* **Data section**:
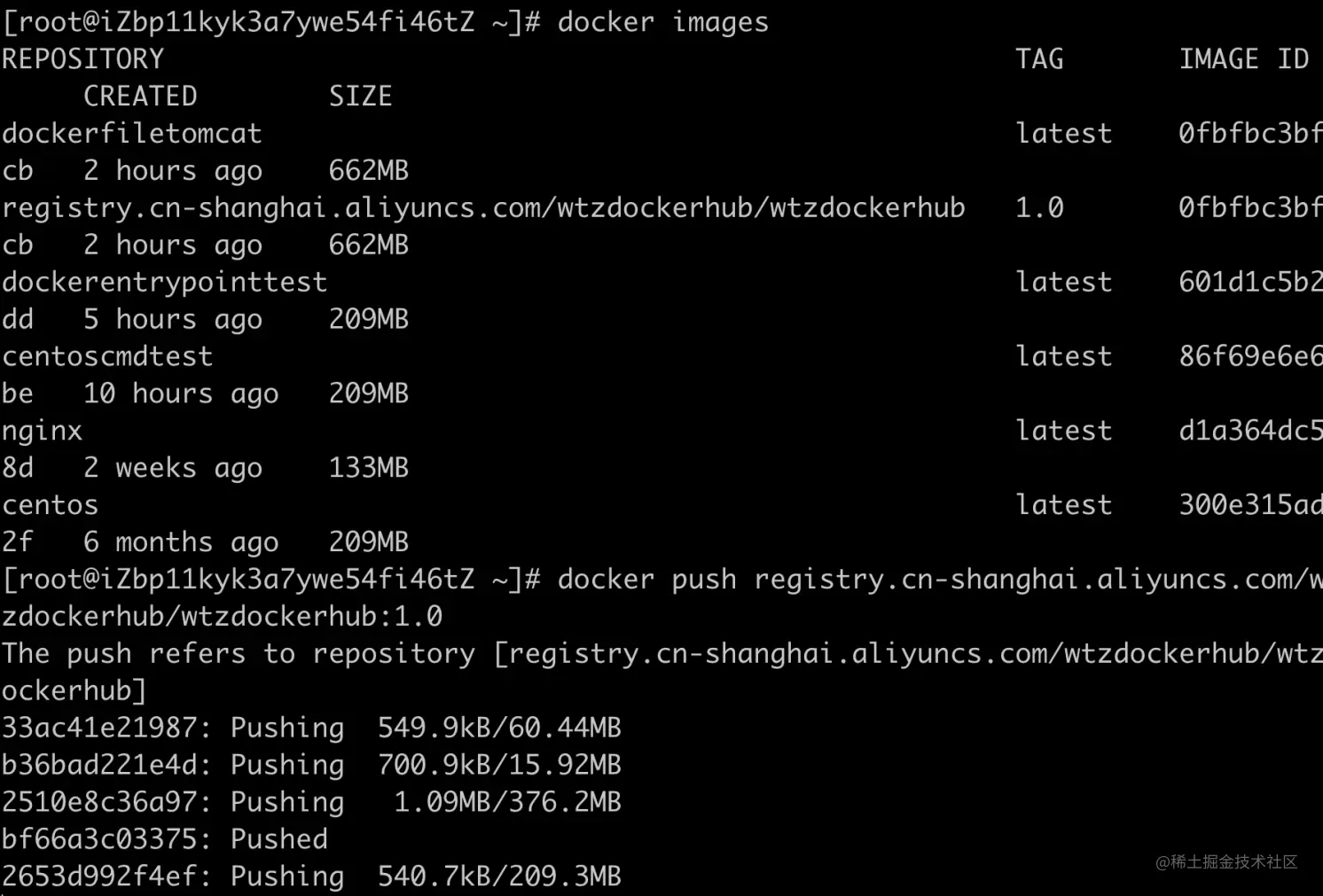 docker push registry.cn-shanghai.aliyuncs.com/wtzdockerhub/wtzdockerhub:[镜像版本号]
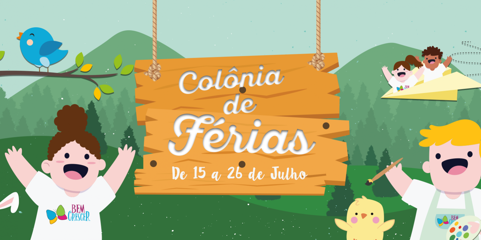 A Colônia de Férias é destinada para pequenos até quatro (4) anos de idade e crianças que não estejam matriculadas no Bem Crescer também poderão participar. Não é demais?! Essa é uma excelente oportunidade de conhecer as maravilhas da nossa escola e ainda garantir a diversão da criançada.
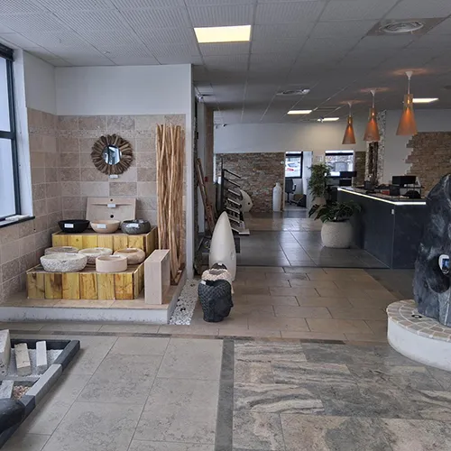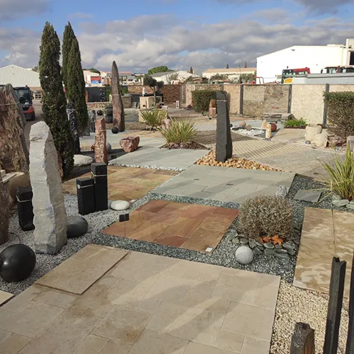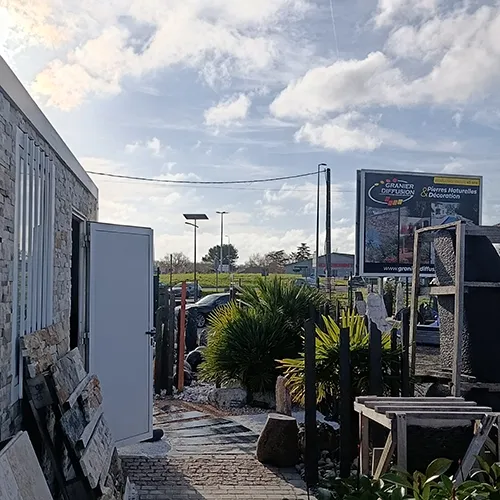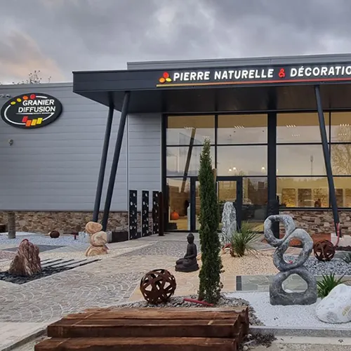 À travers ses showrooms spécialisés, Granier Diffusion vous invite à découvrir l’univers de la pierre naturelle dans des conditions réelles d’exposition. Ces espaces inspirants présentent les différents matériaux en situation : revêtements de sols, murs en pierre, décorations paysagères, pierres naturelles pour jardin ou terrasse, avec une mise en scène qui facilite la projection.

* **Your task**: Exactly as written, reproduce the lines from the beginning of the material through the line with "A Colônia de", and skip any picture.

* **Completed task**:
 docker push registry.cn-shanghai.aliyuncs.com/wtzdockerhub/wtzdockerhub:[镜像版本号]
 A Colônia de Férias é destinada para pequenos até quatro (4) anos de idade e crianças que não estejam matriculadas no Bem Crescer também poderão participar. Não é demais?! Essa é uma excelente oportunidade de conhecer as maravilhas da nossa escola e ainda garantir a diversão da criançada.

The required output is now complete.